Supreme Court gets two new judges
Tags: National National News
CJI DY Chandrachud administered the oath of office to Justice Prashant Kumar Mishra and senior advocate Kalpathy Venkataraman Viswanathan as a judge of the Supreme Court on 19th May.
An overview of the news
With this, the total strength of judges in the Supreme Court has gone up to the sanctioned strength of 34.
However, the number of Supreme Court justices will remain at its highest level for only a short period as three judges are due to retire in June.
Justice KM Joseph, Justice Ajay Rastogi and Justice V Ramasubramanian are set to complete their tenure next month during the summer vacation.
Summer vacation of the apex court will run from May 22 to July 2.
Justice Vishwanathan, the newly appointed Supreme Court judge, will become the Chief Justice of India after the retirement of Justice JB Pardiwala on August 11, 2030, and will hold office till May 25, 2031.
The warrant of appointment of Justice Mishra and Justice Vishwanathan as judges of the apex court was issued by the office of President Draupadi Murmu on May 18.
Appointment of Judges : Collegium System
The collegium system in India refers to the process of appointment and transfer of judges in the higher judiciary, which includes the Supreme Court and the High Courts.

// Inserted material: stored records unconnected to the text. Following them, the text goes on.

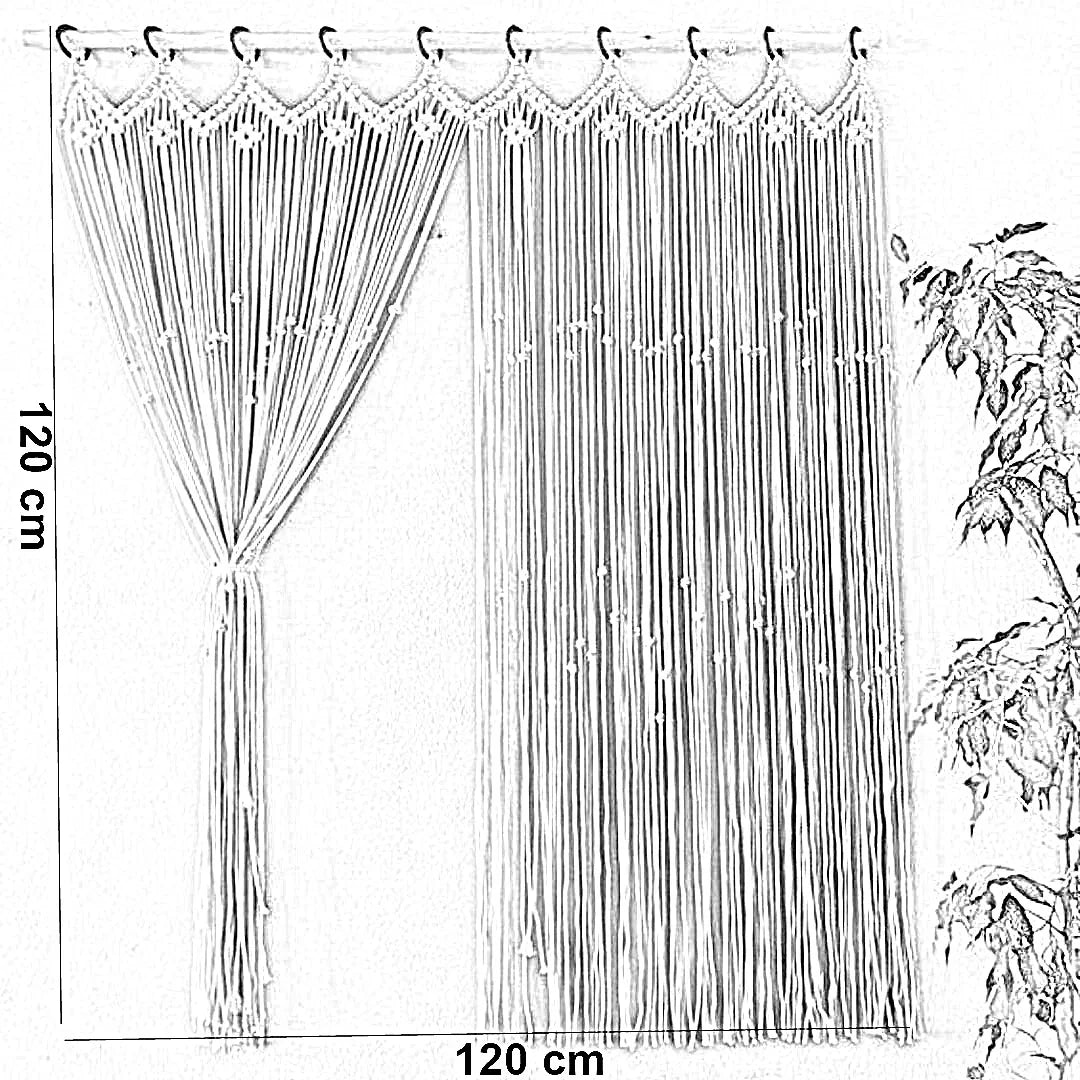 ستارة مكرمية خشب موسكي وقطن، 120*120 سم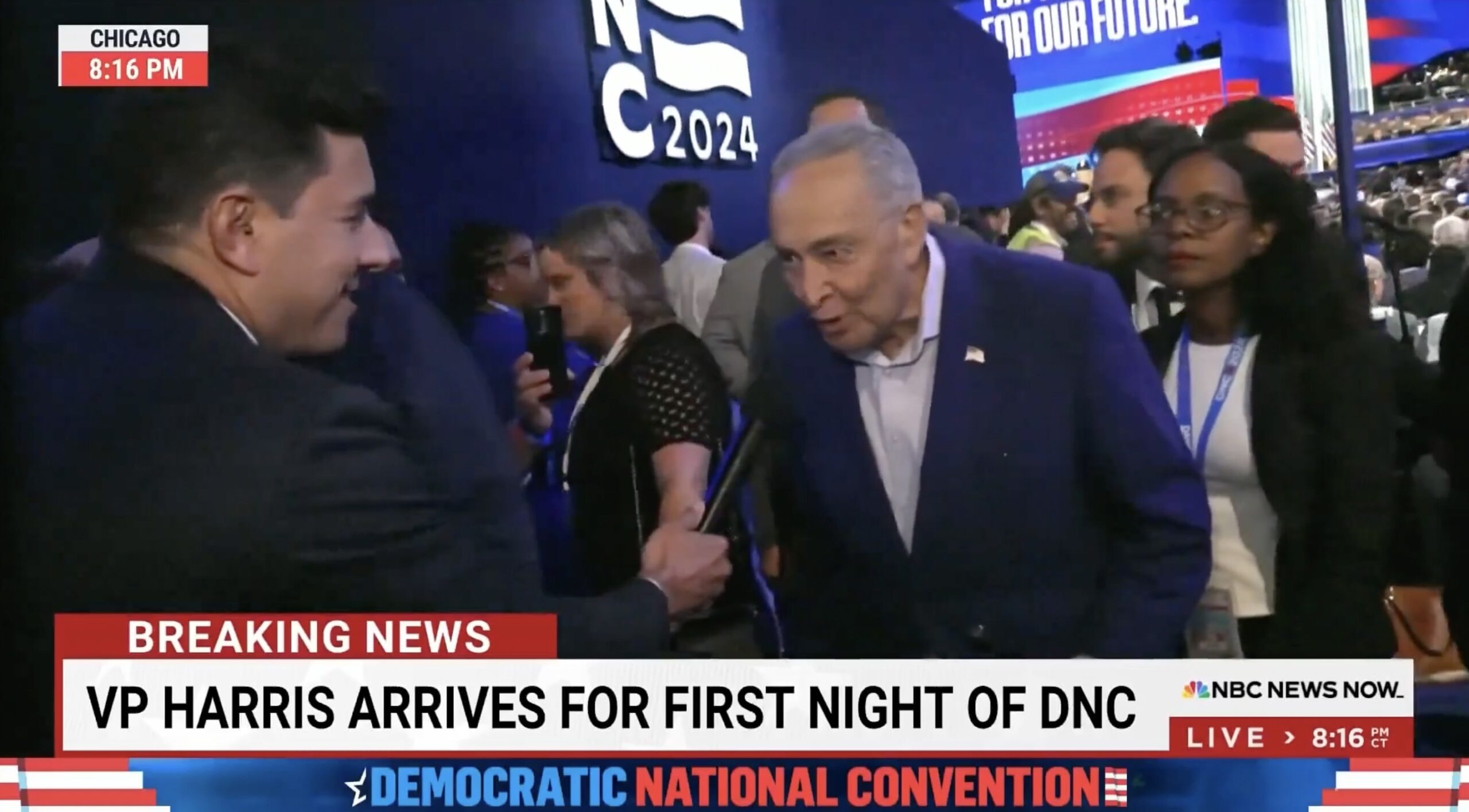 During an interview with Schumer on the convention floor, NBC News NOW anchor Tom Llamas asked, “What’s your message to former President Trump tonight?”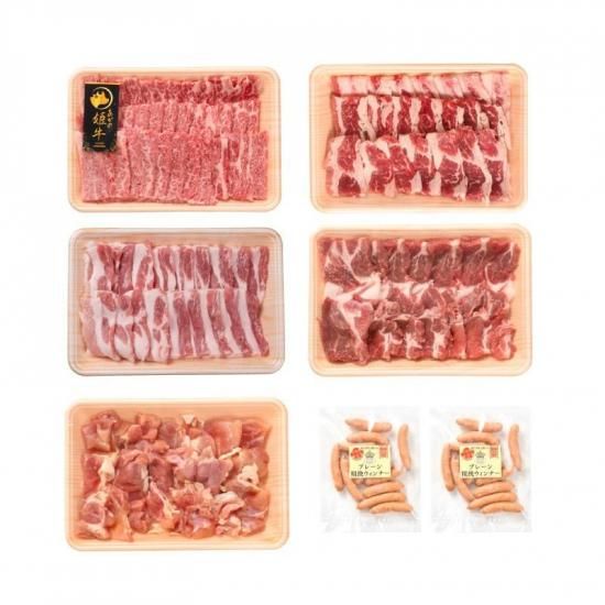 内容量:あがの姫牛カルビ焼肉用(新潟県産)400g、牛バラ焼肉用(US産)400g、三元豚バラ焼肉用(メキシコ産)400g、三元豚肩ロース焼肉用(メキシコ産)400g、鶏モモ焼肉用(BL産)400g、あらびきソーセージ(山長ハム)190g×2袋、
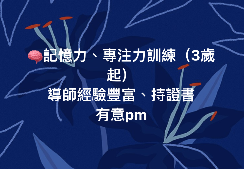 記憶力、專注力訓練(3歲起)導師經驗豐富、持證書有意pm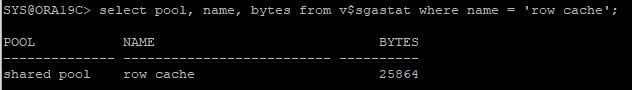 select pool, name, bytes from v$sgastat where name = 'row cache';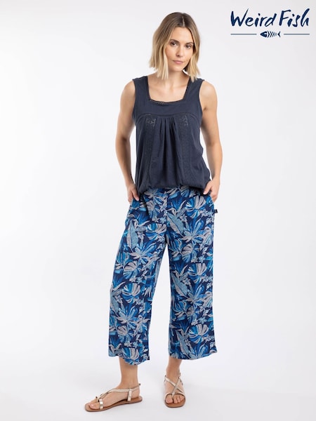 Weird Fish Blue Sarita Crinkle Printed Wide Leg Cropped Trousers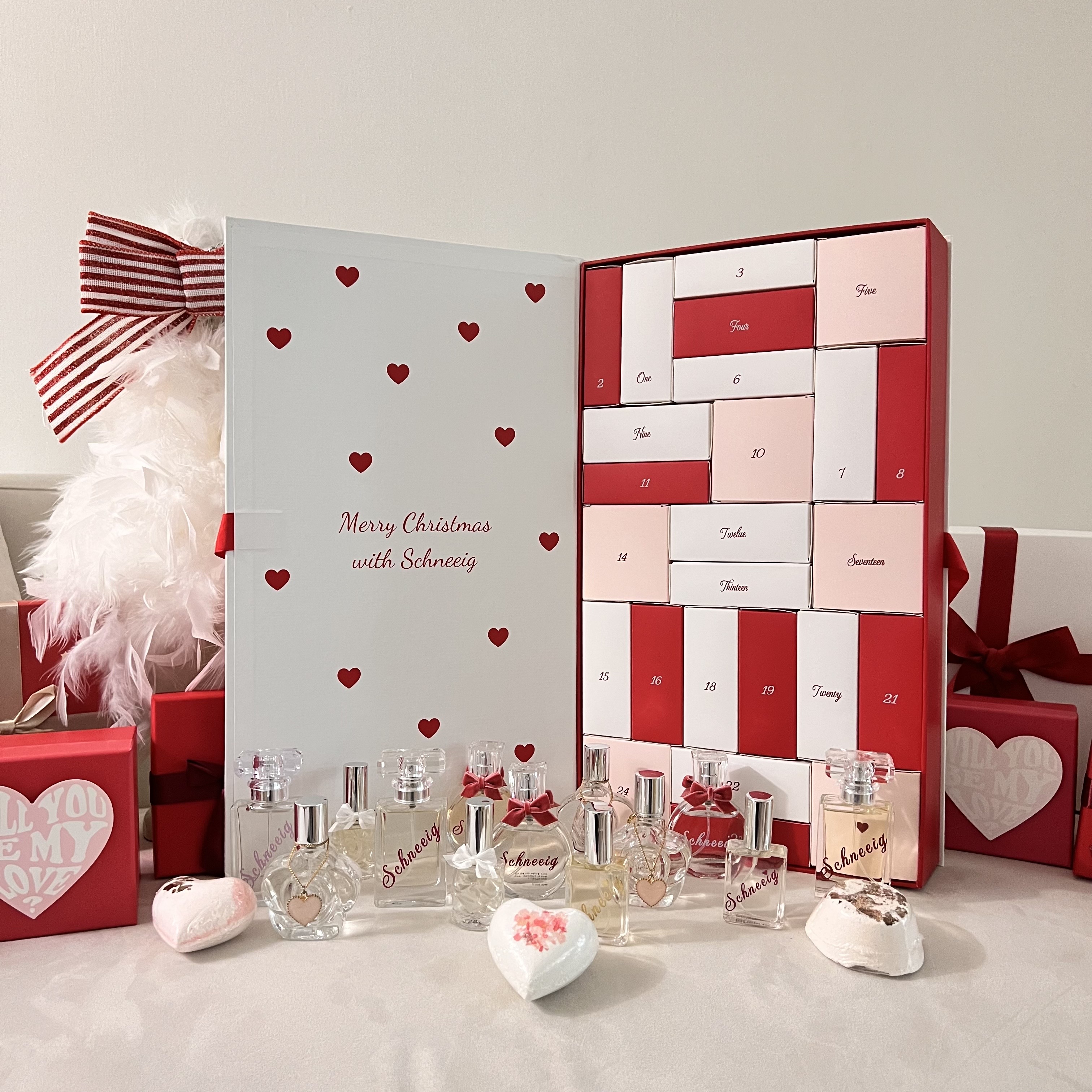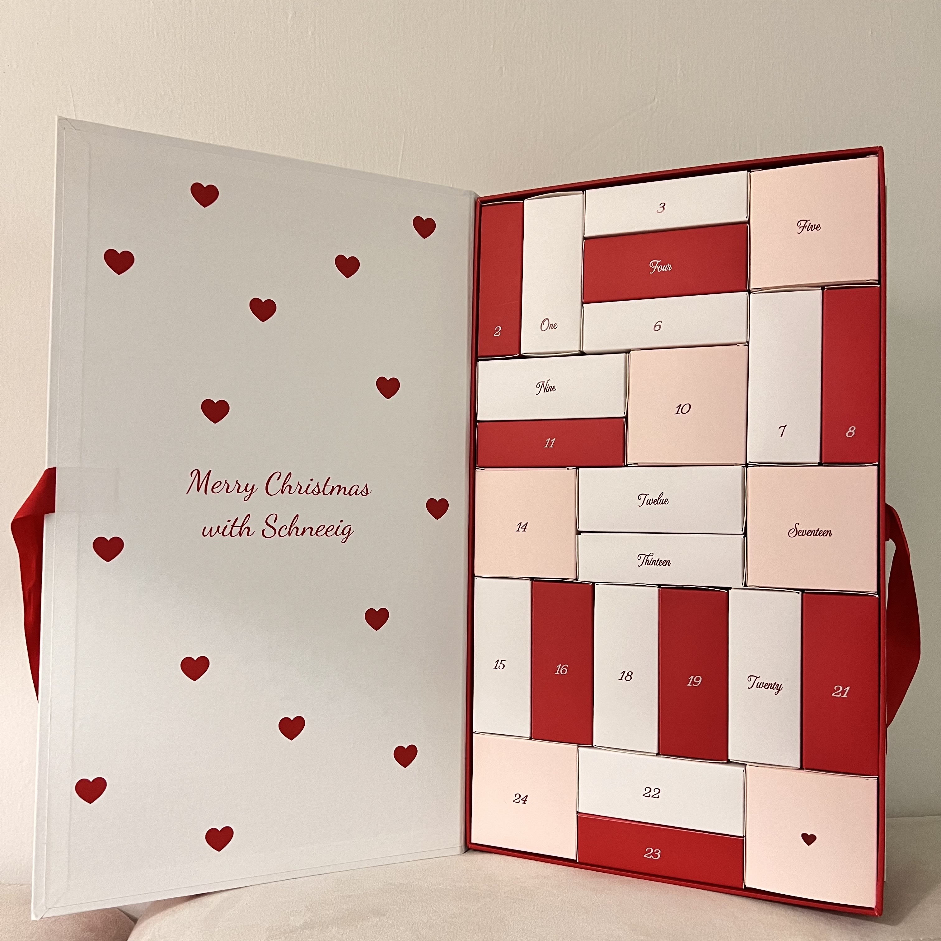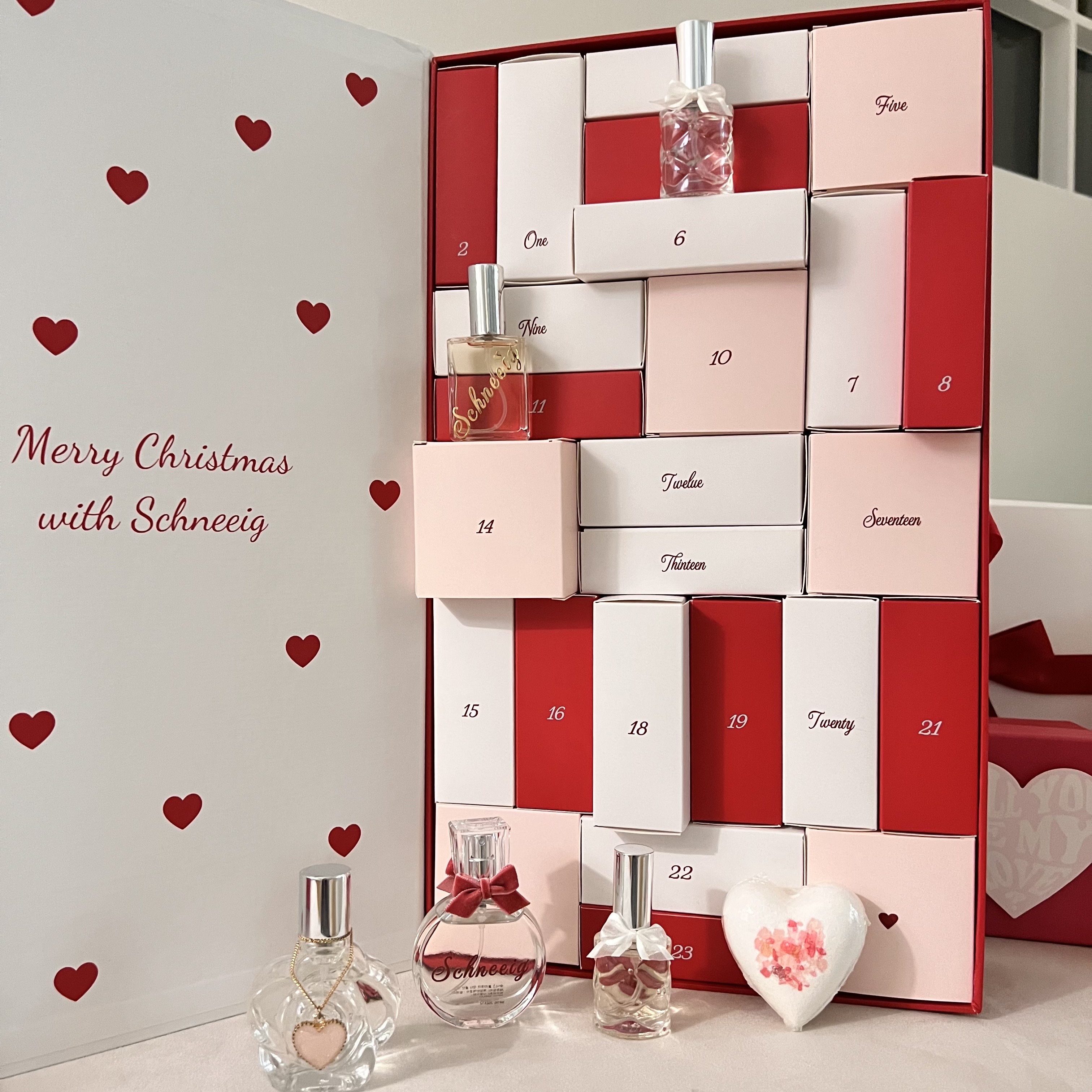 슈니그 어드벤트 캘린더는 한국에 하나밖에 없는 뷰티 어드벤트 캘린더 제품으로 여자친구 화이트데이 선물로 제격에요 화이트데이나 크리스마스 특별한 날에 선물하기 딱 좋게 깔끔한 하트 박스에 화이트, 레드, 핑크컬러로 박스를 열어보면 1번부터 24번까지 숫자가 적혀있는 작은 박스들이 담겨있어요 숫자가 안 적힌 하나의 빈 상자가 있는데 거기엔 선물하는 사람이 개인적으로 반지나 편지 등 을 넣어 선물할 수 있어서 더 특별한 선물이 될 수 있을 것 같아요 작은 박스 안에는 14가지의 향수와 5가지의 배쓰밤, 그리고 룸 퍼퓸이 들어가 있는데 다 다른 향기라 그날 기분에 따라, 또 분위기에 따라 향을 골라 쓸 수 있는 재미도 있답니다 포장상자를 열어보면 큐알코드가 있는데 카메라로 스캔해 보면 해당 제품에 대한 설명과 용량 사용기한에 대해서도 살펴볼 수 있더라고요 유명한 브랜드 향과 비슷한 향도 있고 하나하나 겹치는 향 없이 향들이 다 고급스럽고 좋아서 아직도 잘 사용하고 있는 제품이에요 뷰티에 관심 많고 센스 있는 화이트데이 선물을 하고싶으시다면 추천드려요 정말 센스있는 선물이란 재미와 감동을 주는 슈니그 어드벤트 캘린더 같은 제품이 아닐까요

Under this system, a collegium of the Chief Justice of India and four senior-most judges of the Supreme Court recommend appointments and transfers to the President of India, who has the power to make the appointments.
The system was established by a 1993 judgement of the Supreme Court and has been the subject of controversy and criticism.
Some have criticized it for lack of transparency and accountability, while others have defended it as necessary to ensure the independence of the judiciary.
National Judicial Appointments Commission
The National Judicial Appointments Commission (NJAC) was a proposed body in India that was intended to replace the existing collegium system for the appointment and transfer of judges to the higher judiciary.
The NJAC Act was passed by the Indian Parliament in 2014, but it was later struck down by the Supreme Court of India in 2015 on the grounds that it violated the basic structure of the Indian Constitution.
The court held that the NJAC Act sought to undermine the independence of the judiciary and the basic feature of separation of powers between the executive and the judiciary.
As a result, the collegium system was restored and continues to be used for the appointment of judges to the higher judiciary in India.